Start of DATA

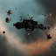 The mangled wreck floats motionless in space, surrounded with a field of scorched debris.
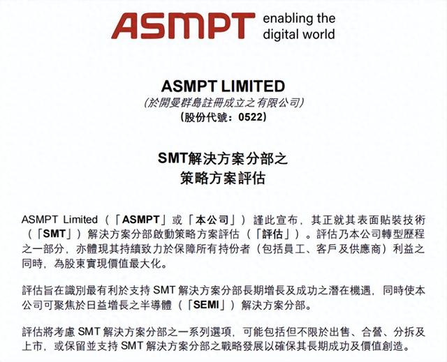 在全球半导体格局深度调整的当下,这一机遇的出现为市场各方提供了新的合作空间。对 ASMPT 而言,这是其战略聚焦的延续;对中国半导体产业而言,则意味着在全球核心资产竞争中,又多了一个可探索的方向。
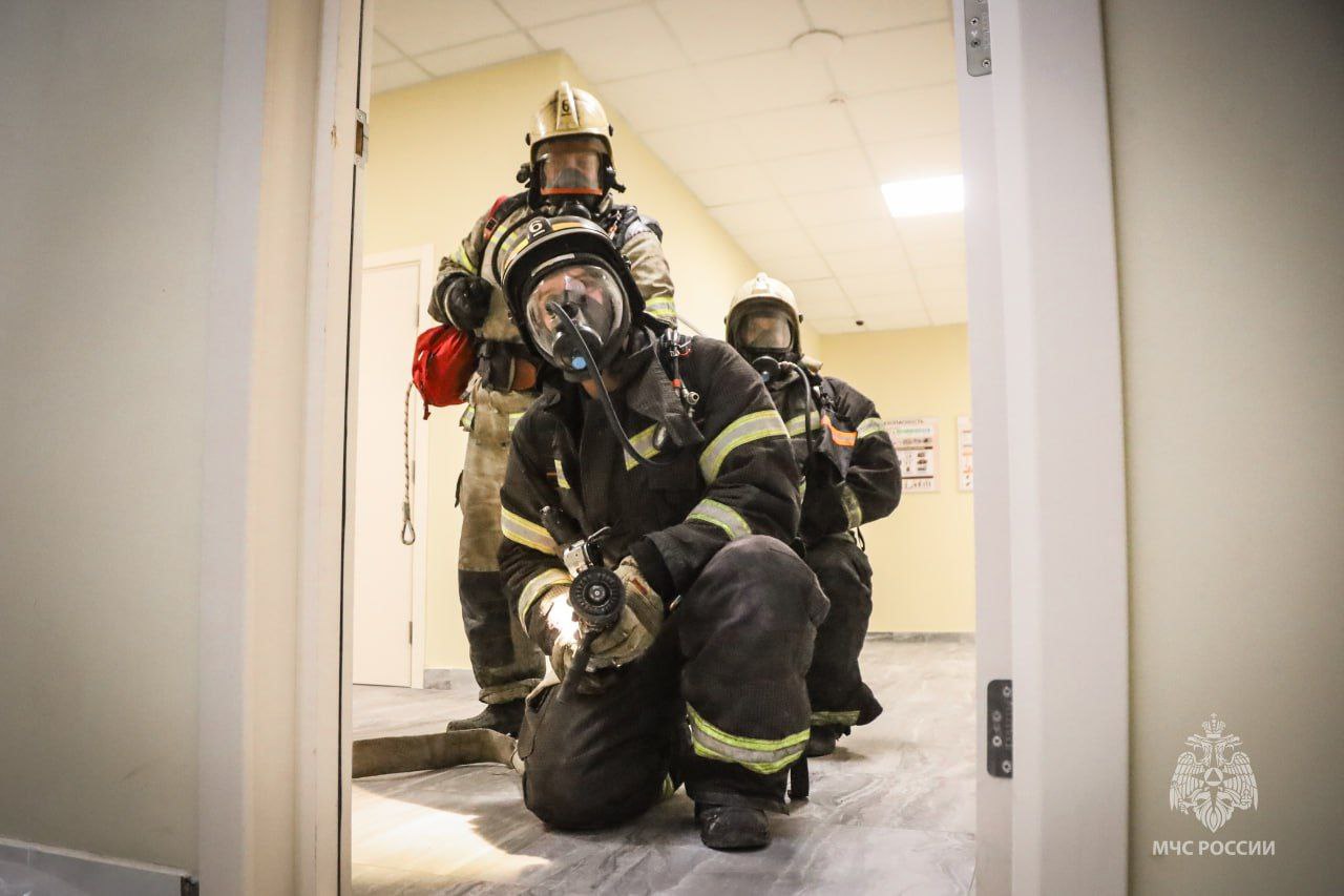 Тренировка пожарных прошла в учреждении впервые. Легенда для сотрудников — возгорание из-за неисправности электрооборудования. В ходе учений они осмотрели помещения, изучили особенности здания и успешно ликвидировали пожар.

End of DATA

■ **TASK TO COMPLETE**:
Write out the material above once more, exactly as it reads, with no pictures.

■ **OUTPUT BELOW**:
 The mangled wreck floats motionless in space, surrounded with a field of scorched debris.
 在全球半导体格局深度调整的当下,这一机遇的出现为市场各方提供了新的合作空间。对 ASMPT 而言,这是其战略聚焦的延续;对中国半导体产业而言,则意味着在全球核心资产竞争中,又多了一个可探索的方向。
 Тренировка пожарных прошла в учреждении впервые. Легенда для сотрудников — возгорание из-за неисправности электрооборудования. В ходе учений они осмотрели помещения, изучили особенности здания и успешно ликвидировали пожар.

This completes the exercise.